In the same breath of reporting this weekend’s figures for WW1984, which now stands at $85M WW, Warners announced a threequel with Patty Jenkins writing and attached to direct, with Gal Gadot returning. No word on whether that will also be a simultaneous HBO Max and theatrical day and date release.
WW1984‘s opening bests the results of Croods: A New Age‘s $9.7M 3-day over Black Friday weekend, and Tenet‘s $9.3M 3-day over Labor Day weekend. Note that WW1984 had close to 40% of all theaters open, which repped 56% of its box office. This compared to Croods 2, which achieved its opening from 44% of all domestic theaters open, which repped 60% of the box office, versus Tenet, which had access to a marketplace where 55% of all theaters were open and repped 70% of the box office.
In regards to the holiday weekend’s other opening titles, Universal’s Tom Hanks western News of the World and Focus Features’ Promising Young Woman, they respectively earned $2.4M and $680K in spots 2 and 5. Uni also owned the No. 3 title, DreamWorks Animation’s The Croods: A New Age, which brought in $1.7M in weekend 5 for a running $30.3M domestic total.

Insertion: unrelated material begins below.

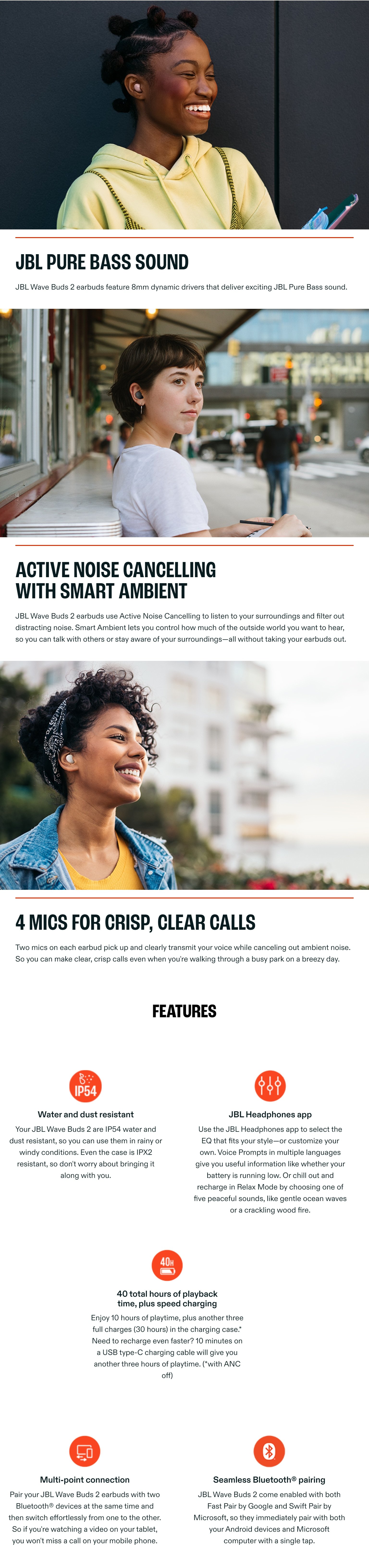 | Key Features | JBL Pure Bass Sound Active Noise Cancellation 40 Hours of Playback time 4 Mics for Crisp and Clear Calls Multi Point Connection Water and Dust Resistant JBL Headphone App |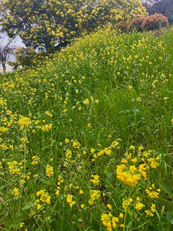 I am tickled with the signs of spring. Birdsong enchants me throughout the day, magical music energizing creativity. While the buzz of the honeybees fills the morning air, the croaking of the frogs reverberates throughout the evening. The pollinators are busy savoring the sweetness of the flowering peach tree, crabapple, and the viburnum in full bloom. March 20th marks the vernal equinox, yet we have been enjoying an early spring since the beginning of February. Yellow is the predominant color in March with wild mustard, Acacia trees, oxalis, Mexican stonecrop, and daffodils dotting roadways, gardens, and hillsides.

Roadside Attraction’s Pinocchio at 764 theaters debuted to $274,6K. Again, these aren’t the types of figures we’re used to for a Christmas holiday weekend, a week that’s typically one of the more lucrative ones of the year.
WW1984, News of the World and Promising Young Woman all earned B+ in terms of their CinemaScores. The first Wonder Woman earned an A back in 2017, but that was when more cities were available for polling.
Make no mistake, though, for a $200M planned DC event feature, which began its promotional drumroll all the way back at San Diego Comic-Con 2018 when director Patty Jenkins and stars Gal Gadot and Chris Pine dropped footage after three-and-half weeks of production, this weekend’s box office result of Wonder Woman 1984 is a disaster by normal pre-pandemic marketplace standards. The question is whether Warner Bros. should have simply waited to release this event pic until later in the year, when the entire exhibition infrastructure is presumably back on track and the pandemic, as we’re expecting, will be restrained.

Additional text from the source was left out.